Area of tarpaulin required to make the conical tent = Curved surface area of the cone

= πrl = 3.14 × 6 × 10

= 188.4 m^{2}

∵ Width of tarpaulin = 3 m.

∴ Length of tarpaulin = \(\frac{\text { Area of tarpaulin }}{\text { Width of tarpaulin }}\)

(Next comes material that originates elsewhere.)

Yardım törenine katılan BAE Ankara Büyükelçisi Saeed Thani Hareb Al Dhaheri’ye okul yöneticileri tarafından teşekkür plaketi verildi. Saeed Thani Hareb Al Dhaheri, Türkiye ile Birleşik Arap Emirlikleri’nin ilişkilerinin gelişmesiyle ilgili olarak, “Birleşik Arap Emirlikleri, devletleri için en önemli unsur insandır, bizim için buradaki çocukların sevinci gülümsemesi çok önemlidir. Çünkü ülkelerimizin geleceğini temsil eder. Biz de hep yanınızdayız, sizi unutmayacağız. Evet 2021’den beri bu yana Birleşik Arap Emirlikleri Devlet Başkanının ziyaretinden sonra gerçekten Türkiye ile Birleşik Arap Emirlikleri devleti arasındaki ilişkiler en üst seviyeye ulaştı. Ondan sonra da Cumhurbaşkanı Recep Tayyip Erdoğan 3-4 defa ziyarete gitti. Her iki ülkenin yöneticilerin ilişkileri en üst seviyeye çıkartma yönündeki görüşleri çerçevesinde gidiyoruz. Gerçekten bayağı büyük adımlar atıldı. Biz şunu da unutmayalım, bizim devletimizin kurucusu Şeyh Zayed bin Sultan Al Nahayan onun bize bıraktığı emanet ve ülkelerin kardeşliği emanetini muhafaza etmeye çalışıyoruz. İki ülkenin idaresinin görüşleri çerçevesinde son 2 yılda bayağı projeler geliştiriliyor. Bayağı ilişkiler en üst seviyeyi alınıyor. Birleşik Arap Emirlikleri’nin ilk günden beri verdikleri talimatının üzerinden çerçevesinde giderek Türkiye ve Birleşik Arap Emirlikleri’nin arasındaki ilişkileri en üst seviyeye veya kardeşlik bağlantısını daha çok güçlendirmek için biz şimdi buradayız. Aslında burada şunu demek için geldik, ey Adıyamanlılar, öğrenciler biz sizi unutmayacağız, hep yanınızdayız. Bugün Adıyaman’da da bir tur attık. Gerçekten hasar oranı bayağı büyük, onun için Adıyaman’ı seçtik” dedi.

\(\frac{188\cdot4}{3}\) = 62.8 m

Wastage in cutting = 20 cm = 0.20 m

Total length of tarpaulin = 62.8 + 0.20

= 63 m

Hence,length of tarpualin = 63 m.

Question 6.

The slant height and base diameter of a conical tomb are 25 m and 14 m respectively. Find the cost of whitewashing its curved surface at the rate of Rs. 210 per 100 m^{2}

Solution:

We have,

Slant height of a conical tomb (l) = 25 m

and diameter of a conical tomb = 14 m

∴ Radius of a conical tomb (r) = \(\frac{14}{2}\) = 7m

∴ Curved surface area of the conical tomb = πrl

= \(\frac{22}{7}\) × 7 × 25

= 550 m^{2}

∵ Cost of white washing of 100 m^{2} of tomb

= Rs. 210

∴ Cost of white washing of 550 m^{2} of tomb

= Rs \(\frac{210 \times 550}{100}\)

= Rs. 1155

Hence,cost of white washing of tomb = Rs. 1155.

Question 7.

A joker’s cap is in the form of a right circular cone of base radius 7 cm and height 24 cm. Find the area of the sheet required to make 10 such caps.

Solution:

We have,

Radius of conical cap (r) = 7 cm

and height of the conical cap (h) = 24 cm

∴ l = \(\sqrt{h^2+r^2}\)

⇒ l = \(\sqrt{24^2+7^2}\)

⇒ l = \(\sqrt{576+49}\)

⇒ l = \(\sqrt{625}\)

⇒ l = ±25

⇒ l = 25

∴ Curved surface area of a cap = πrl

= \(\frac{22}{7}\) × 7 × 25 = 550 cm^{2}

Curved surface area of 10 such caps = 550 × 10 = 5500 cm^{2}

Hence, required area of sheet to make 10 such caps = 5500 cm^{2}.

Question 8.

A bus stop is barricaded from the remaining part of the road, by using 50 hollow cones made of recycled cardboard, Each cone has a base diameter of 40 cm and height 1 m. If the outer side of each of the cone is to be painted and the cost of painting is Rs. 12 per m^{2}, what will be the cost of painting all these cones? (Use π = 3.14 and take \(\sqrt{1.04}\) = 1.02)

Solution:

We have,

Height of a cone (h) = 1 m = 100 cm

and diameter of a cone (d) = 40 cm

∴ Radius of a cone (r) = \(\frac{40}{2}\) = 20 cm

∴ l = \(\sqrt{h^2+r^2}\)

⇒ l = \(\sqrt{100^2+20^2}\)

⇒ l = \(\sqrt{10000+400}\)

⇒ l = \(\sqrt{10400}\)

⇒ l = 101.98

⇒ l = 102 (approx.)

Outer surface area of 1 cone = πrl = 3.14 × 20 × 102 = 6405.6 cm^{2}

Outer surface area of 50 cones= 6405.6 × 50 = 320280 cm^{2}

\(\frac{320280}{10000}\) m^{2}

= 32.028 m^{2}

Cost of painting of 1 m^{2} = Rs. 12

Cost of painting of 32.028 m^{2} = Rs. 12 × 32.028

= Rs. 384.336

= Rs. 384.34

Hence, cost of painting of 50 cones = Rs. 384.34.